Comunicado de APOCLAM: Solicitud de revisión pautas asociadas Instrucciones del 13/02/26 relativas a la admisión de alumnado

A LA ATENCIÓN DEL CONSEJERO DE EDUCACIÓN, CULTURA Y DEPORTES DE LA COMUNIDAD AUTÓNOMA DE CASTILLA-LA MANCHA

Desde la Asociación de Orientadores de Castilla-La Mancha (APOCLAM) nos dirigimos a usted, ya que son numerosos los orientadores y orientadoras asociados que nos han manifestado su inquietud y preocupación en relación a las pautas trasladadas durante este curso escolar desde Dirección General de Innovación Educativa y Centros, en relación a los procedimientos técnicos que regulan la respuesta educativa al ACNEEs.

En primer lugar, queremos trasladar el malestar expresado por las orientadoras y los orientadores en relación  a las pautas asociadas a las Instrucciones del 13/02/2026, de la Dirección General de Innovación Educativa y Centros, relativas a la admisión de alumnado en centros no universitarios públicos y privados concertados para las enseñanzas del segundo ciclo de Educación Infantil, Educación Primaria, Educación Secundaria y Bachillerato en el curso 2026/2027, donde se recoge la “Documentación a valorar y validar necesaria para la escolarización del alumnado objeto de escolarización de la comisión específica” (Punto 37) y se concreta que el “Certificado de discapacidad” y el “Informe clínico-sanitario” serán requisito obligatorio para la adopción de medidas individualizadas y/o extraordinarias de inclusión educativa. Desde la asociación, atendiendo a normativa de rango superior, entendemos que la documentación de entidades externas no debe ser un requisito obligatorio (sí conveniente), y en aquellos casos de alumnos que no cuenten esta documentación externa, pero que el profesional considere que presenta un perfil compatible con lo establecido en norma para poder considerarse ACNEEs el informe psicopedagógico y el dictamen de escolarización elaborados por las orientadoras y los orientadores son y deben ser los únicos documentos exigibles.

Estos documentos técnicos recogen la identificación de barreras, potencialidades y necesidades del alumnado, así como la adopción de medidas de inclusión educativa y la asignación de recursos, que ahora se ven condicionados a la aportación obligatoria de informes externos al sistema educativo.

Este malestar está relacionado, por un lado, con la limitación de sus funciones en cuanto a la toma de decisiones técnicas de carácter educativo mediante el análisis del alumnado en su contexto y, por otro lado, con el exceso de burocracia exigida desde la administración para poder proporcionar al alumnado las medidas y recursos necesarios para una educación inclusiva.
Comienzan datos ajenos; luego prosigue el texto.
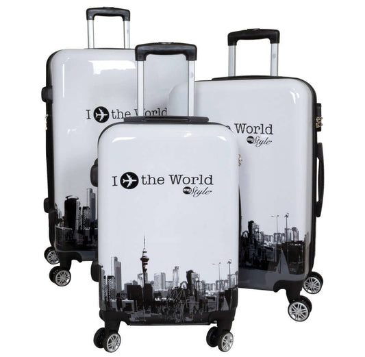 Juego de maletas motivos policarbonato 3 piezas Fly the world blanco
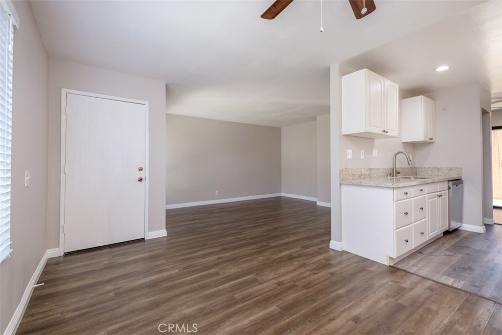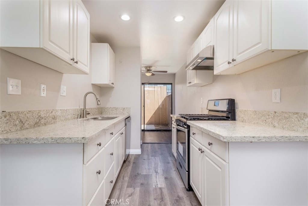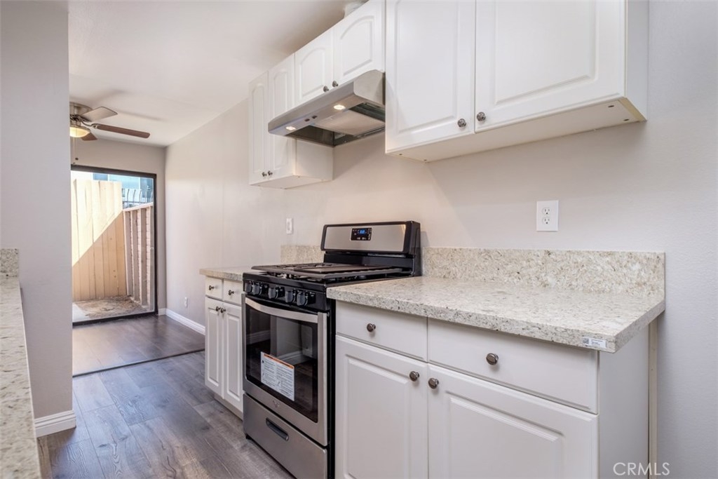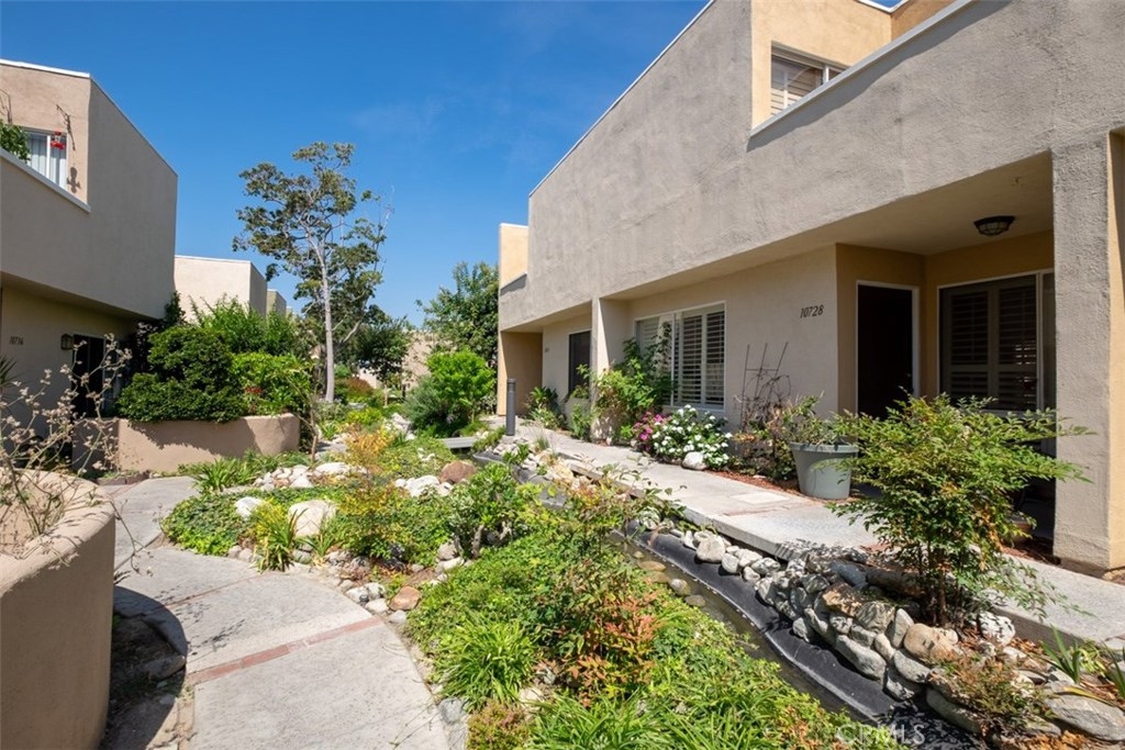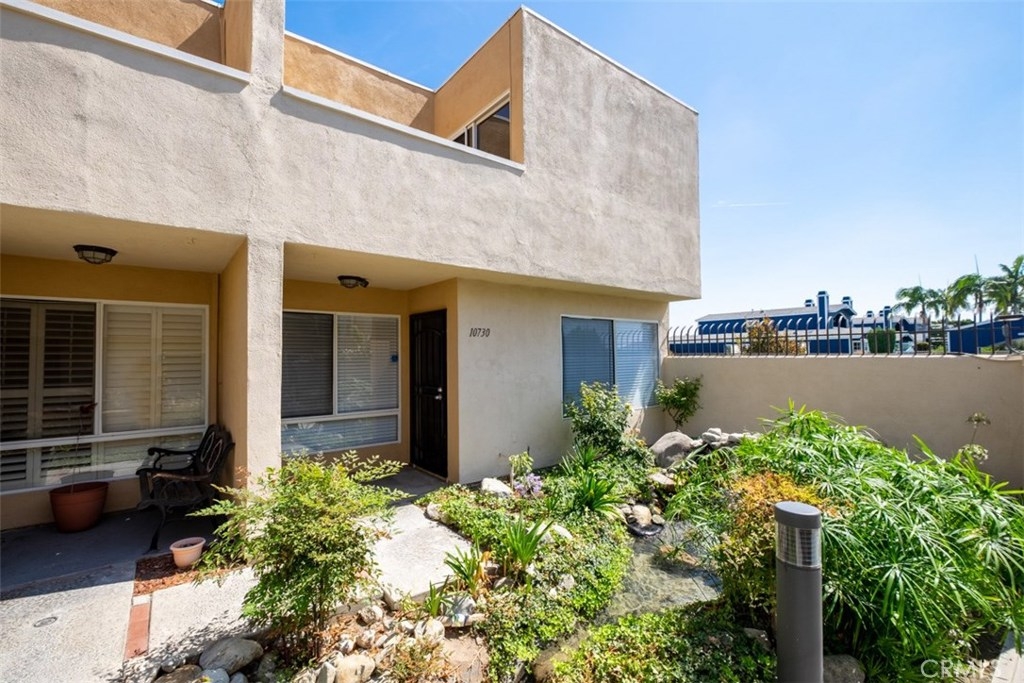 Truly Tranquil Landscaping with stream flowing throughout this beautiful Pine Creek Condo Community. Wow, Beautifully Remodeled home. End unit with no one above or below. All new interior paint, new quartz countertops in the kitchen and bathrooms, new stainless steel appliances, new sink in kitchen, new hardware, new laminate flooring throughout, new ceiling fans, new window blinds, new toilets, new vanities in bathrooms, new light fixtures, scraped ceilings. Large living room and nice size dining area. Inside laundry room space. Sliding glass doors lead to the out door patio area. Upstairs has a grand master bedroom with walk in closet and spacious balcony over looking the water feature in complex. Plenty of room upstairs for a 2nd bedroom or a huge loft area. 2 car garage with some storage. Gated Community pool and 2 Jacuzzis. Condo is centrally located near restaurants, shopping, schools and Knotts Berry Farm.
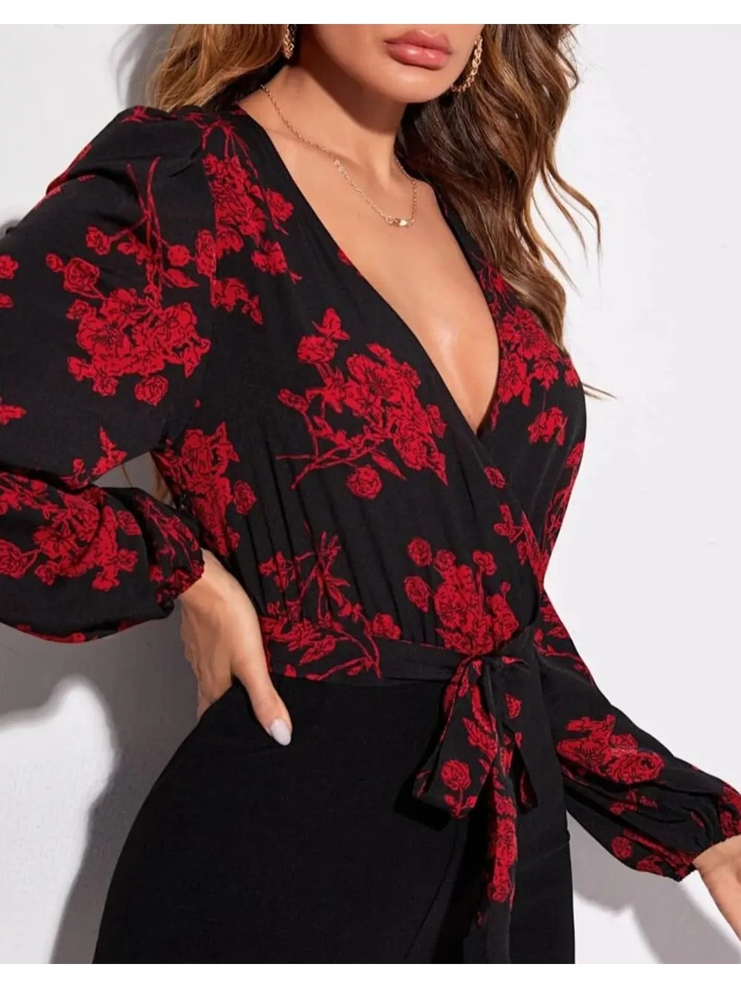 Product Name: Red Floral Tie-Up Jumpsuit for Women

Hemos de tener en cuenta que las administraciones educativas deben garantizar la atención y los recursos  para el abordaje de las necesidades educativas especiales desde el mismo momento en que estas son identificadas, entendiendo que la obtención de “Certificados de Discapacidad” e “Informes clínico-sanitarios” manejan tiempos ajenos al propio sistema educativo, y que se trata de documentos que en la mayor parte de los casos se nutren de la información que aportan los propios Equipos y Departamentos de Orientación. En este sentido, las orientadoras y orientadores alertan desde la asociación que este requisito lesionará de manera importante los derechos del alumnado al limitar e incluso impedir la adopción inmediata de medidas individualizadas y extraordinarias de inclusión educativa necesarias para la adecuada respuesta educativa del alumnado, generando la consecuente limitación de recursos personales y materiales necesarios para una adecuada atención inclusiva. Así mismo, señalan que esta cuestión condiciona nuestro modelo de inclusión educativa a un modelo clínico que se está intentando superar desde las administraciones educativas.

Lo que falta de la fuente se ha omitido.